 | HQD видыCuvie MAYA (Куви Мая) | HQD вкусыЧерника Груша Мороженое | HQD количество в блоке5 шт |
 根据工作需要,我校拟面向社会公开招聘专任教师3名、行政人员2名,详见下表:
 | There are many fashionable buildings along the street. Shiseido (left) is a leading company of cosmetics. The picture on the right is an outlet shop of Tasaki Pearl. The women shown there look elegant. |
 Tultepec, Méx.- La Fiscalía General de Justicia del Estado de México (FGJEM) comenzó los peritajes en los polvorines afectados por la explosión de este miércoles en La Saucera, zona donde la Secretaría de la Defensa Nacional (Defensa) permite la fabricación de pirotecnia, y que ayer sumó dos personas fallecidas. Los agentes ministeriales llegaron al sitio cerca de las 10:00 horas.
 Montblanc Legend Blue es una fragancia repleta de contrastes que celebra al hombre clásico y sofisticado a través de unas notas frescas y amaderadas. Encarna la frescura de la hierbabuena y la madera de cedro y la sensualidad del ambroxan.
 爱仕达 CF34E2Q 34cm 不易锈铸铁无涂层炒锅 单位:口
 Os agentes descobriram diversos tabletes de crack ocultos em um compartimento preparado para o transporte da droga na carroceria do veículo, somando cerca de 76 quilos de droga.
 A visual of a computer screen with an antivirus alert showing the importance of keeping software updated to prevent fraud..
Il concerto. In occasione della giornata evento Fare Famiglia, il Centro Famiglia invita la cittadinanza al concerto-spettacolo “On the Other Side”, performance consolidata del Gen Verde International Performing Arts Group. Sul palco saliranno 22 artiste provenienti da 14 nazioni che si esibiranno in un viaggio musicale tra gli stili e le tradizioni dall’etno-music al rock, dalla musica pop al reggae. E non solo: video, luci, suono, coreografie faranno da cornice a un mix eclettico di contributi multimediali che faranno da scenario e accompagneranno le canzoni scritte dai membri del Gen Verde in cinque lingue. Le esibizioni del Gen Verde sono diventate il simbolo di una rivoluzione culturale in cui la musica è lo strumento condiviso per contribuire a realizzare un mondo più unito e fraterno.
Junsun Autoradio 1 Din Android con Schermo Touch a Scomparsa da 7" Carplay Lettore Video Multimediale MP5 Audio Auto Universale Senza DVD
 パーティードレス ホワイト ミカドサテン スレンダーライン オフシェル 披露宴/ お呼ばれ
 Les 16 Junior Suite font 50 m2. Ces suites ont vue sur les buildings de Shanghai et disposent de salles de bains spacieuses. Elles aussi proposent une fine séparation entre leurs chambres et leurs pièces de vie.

━━━━━━

◆ PROBLEM DESCRIPTION ◆
Where does the string "agentes" occur in the material? Copy every line where it does.

◆ TASK OUTPUT ◆
 Tultepec, Méx.- La Fiscalía General de Justicia del Estado de México (FGJEM) comenzó los peritajes en los polvorines afectados por la explosión de este miércoles en La Saucera, zona donde la Secretaría de la Defensa Nacional (Defensa) permite la fabricación de pirotecnia, y que ayer sumó dos personas fallecidas. Los agentes ministeriales llegaron al sitio cerca de las 10:00 horas.
 Os agentes descobriram diversos tabletes de crack ocultos em um compartimento preparado para o transporte da droga na carroceria do veículo, somando cerca de 76 quilos de droga.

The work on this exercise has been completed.